Minor league affiliations
- Class: Class D (1920–1923, 1936–1937, 1939–1940) Collegiate summer baseball (1953–1960)
- League: South Dakota League (1920) Dakota League (1921–1922) South Dakota League (1923) Nebraska State League (1936–1937) Western League (1939–1940) Basin League (1953-1960)

Major league affiliations
- Team: St. Louis Cardinals (1936–1937)

Minor league titles
- League titles (4): 1920; 1921; 1922; 1936;

Team data
- Name: Mitchell Kernels (1920–1923, 1936–1937, 1939–1940, 1953–1960)
- Ballpark: Hitchcock Park (1920–1923) Kernel Park (1936–1937, 1939–1940, 1953–1960)

= Mitchell Kernels =

The Mitchell Kernels were a minor league baseball team based in Mitchell, South Dakota. The Kernels played as members of the South Dakota League (1920), Dakota League (1921–1922), South Dakota League (1923), Nebraska State League (1936–1937) and Western League (1939–1940), winning four league championships. The Mitchell Kernels were a minor league affiliate of the St. Louis Cardinals in 1936 and 1937.

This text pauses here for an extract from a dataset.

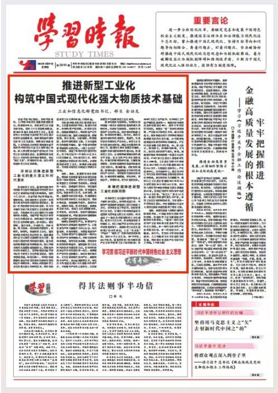 習(xí)近平總書記指出,新時(shí)代新征程,以中國式現(xiàn)代化全面推進(jìn)強(qiáng)國建設(shè)、民族復(fù)興偉業(yè),實(shí)現(xiàn)新型工業(yè)化是關(guān)鍵任務(wù)。黨的二十大報(bào)告明確提出,到2035年基本實(shí)現(xiàn)新型工業(yè)化。全國新型工業(yè)化推進(jìn)大會(huì)對新型工業(yè)化重點(diǎn)任務(wù)作出全面部署,強(qiáng)調(diào)堅(jiān)持走中國特色新型工業(yè)化道路,加快建設(shè)制造強(qiáng)國。工業(yè)和信息化系統(tǒng)要堅(jiān)持用習(xí)近平新時(shí)代中國特色社會(huì)主義思想凝心鑄魂,深入學(xué)習(xí)貫徹習(xí)近平總書記關(guān)于新型工業(yè)化的重要論述,全面貫徹落實(shí)黨的二十大精神和黨中央決策部署,牢記“國之大者”,增強(qiáng)歷史主動(dòng),奮力譜寫推進(jìn)新型工業(yè)化新篇章。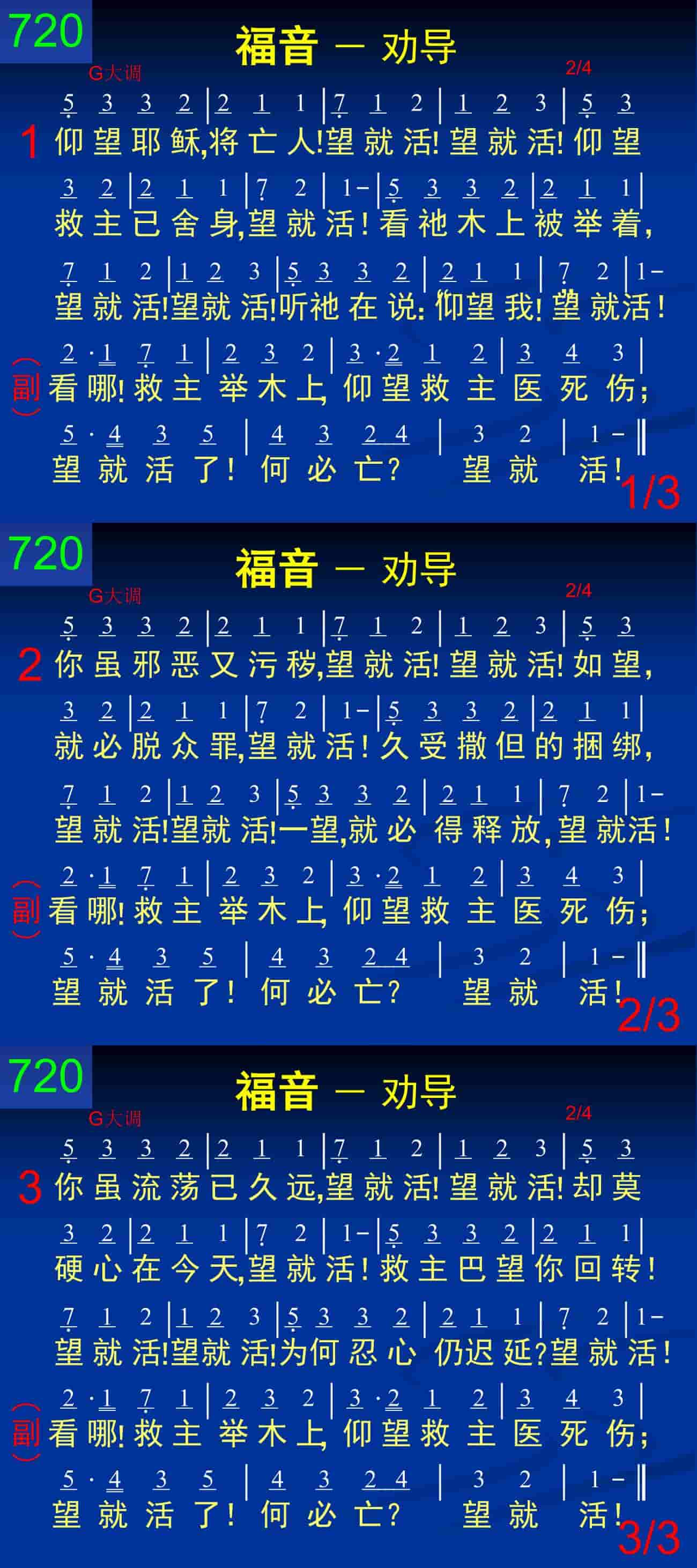 你虽流荡已久远,望就活!望就活!却莫硬心在今天,望就活!救主巴望你回转!望就活!望就活!为何忍心仍迟延?望就活!

Baseball Hall of Fame member Jim Bottomley played for the 1920 Mitchell Kernels.

The Mitchell Kernels continued play as a member of the collegiate minor league Basin League from 1953 to 1960.

The "Kernels" moniker was adopted by Mitchell High School sports teams in the 1930s.

==History==
The Mitchell Kernels first played as members of the Class D level 1920 South Dakota League, winning the first of their three consecutive championships. The Mitchell Kernels then played in the Dakota League (1921–1922), South Dakota League (1923), Nebraska State League (1936–1937) and Western League (1939–1940). The Kernels were an affiliate of the St. Louis Cardinals in 1936 and 1937. The Mitchell Kernels won league championships in 1920, 1921, 1922 and 1936.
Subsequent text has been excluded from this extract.